California-based oil company Chevron today announced earnings of $5.7 billion ($2.98 per share – diluted) for second quarter 2014, compared with $5.4 billion ($2.77 per share – diluted) in the 2013 second quarter.

Foreign currency effects decreased earnings in the 2014 quarter by $232 million, compared with an increase of $302 million a year earlier. Sales and other operating revenues in second quarter 2014 were $56 billion, compared to $55 billion in the year-ago period.

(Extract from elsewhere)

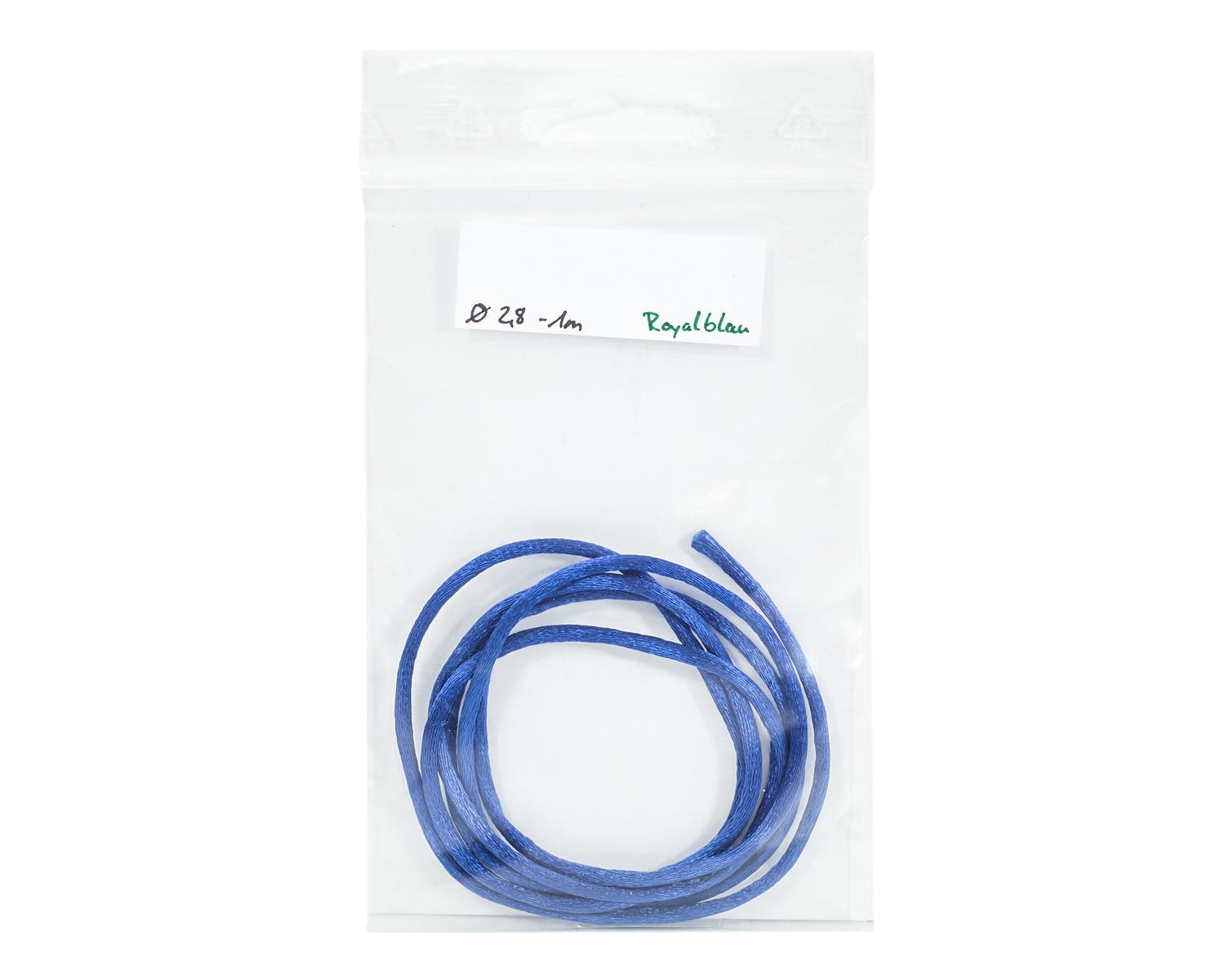 Glänzendes Stoffband (kein Nylon !) Ø 2,8 mm -ROYALBLAU- Passende Silber- Endkapseln Art.Nr. 93511435 oder -Bajonett-Verschluss Art.Nr. 93513035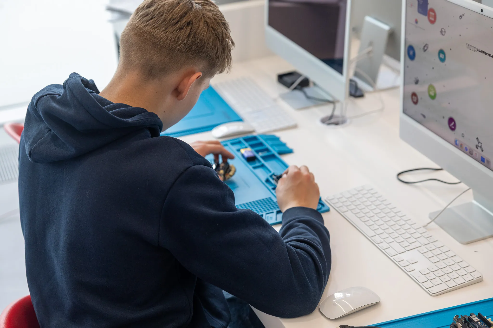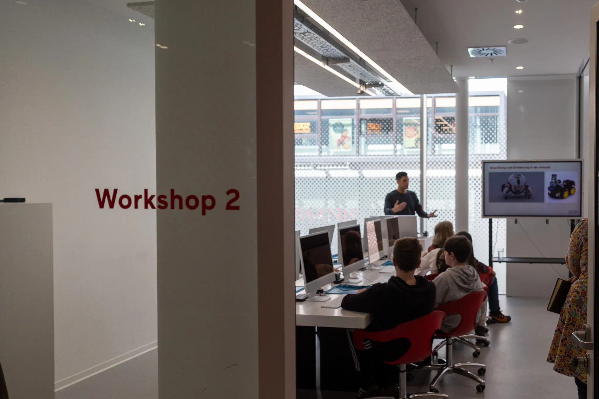 Der Informatikkurs der Theodor-Heuss-Realschule aus Lüdenscheid verlegt seinen Unterricht ins TUMO-Zentrum. Die Siebtklässler sollen hier im Robotics-Workshop alles über das Thema Hardware und Programmierung lernen. Ziel ist es, nach sieben zweistündigen Sitzungen ein autonom fahrendes Auto zu programmieren.

“Our second quarter earnings and cash flow were solid,” said Chairman and CEO John Watson. “Current quarter earnings reflected stronger market conditions for crude oil, although some of these benefits were offset by lower production volumes as a result of planned maintenance activity at Tengizchevroil in Kazakhstan. Gains on asset sales also contributed to our results, as we completed important sales under our three-year divestment program.”

Watson added: “We continue to make significant progress on our major capital projects which are expected to underpin a 20 percent increase in production by 2017 and enable significant growth in our cash flows. In the deepwater Gulf of Mexico, our production is expected to benefit in the near-term from start-up of the Jack/St. Malo Project later this year and the Big Foot Project in 2015. In Australia, our Gorgon and Wheatstone LNG projects continue to reach important interim milestones. Gorgon remains on track for expected start-up in mid-2015. We are also advancing the development of our liquids-rich, unconventional properties in the United States, Canada and Argentina.”

Production down

The company’s net oil-equivalent production was 2.55 million barrels per day in second quarter 2014, down from 2.58 million barrels per day in the 2013 second quarter. Chevron explained that production increases from project ramp-ups in the United States, Nigeria, Brazil and Argentina were more than offset by price and other production entitlement effects in several locations, normal field declines, and maintenance-related downtime at Tengizchevroil in Kazakhstan.

Chevron’s capital and exploratory expenditures in the first six months of 2014 were $19.6 billion, compared with $18.3 billion in the corresponding 2013 period. The amounts included $1.5 billion in 2014 and $1.1 billion in 2013 for the company’s share of expenditures by affiliates, which did not require cash outlays by the company. Work progressed during 2014 on a number of major capital projects, including the Gorgon and Wheatstone LNG projects in Australia and the Jack/St. Malo and Big Foot projects in the deepwater Gulf of Mexico. Expenditures for upstream represented 93 percent of the companywide total in the first six months of 2014.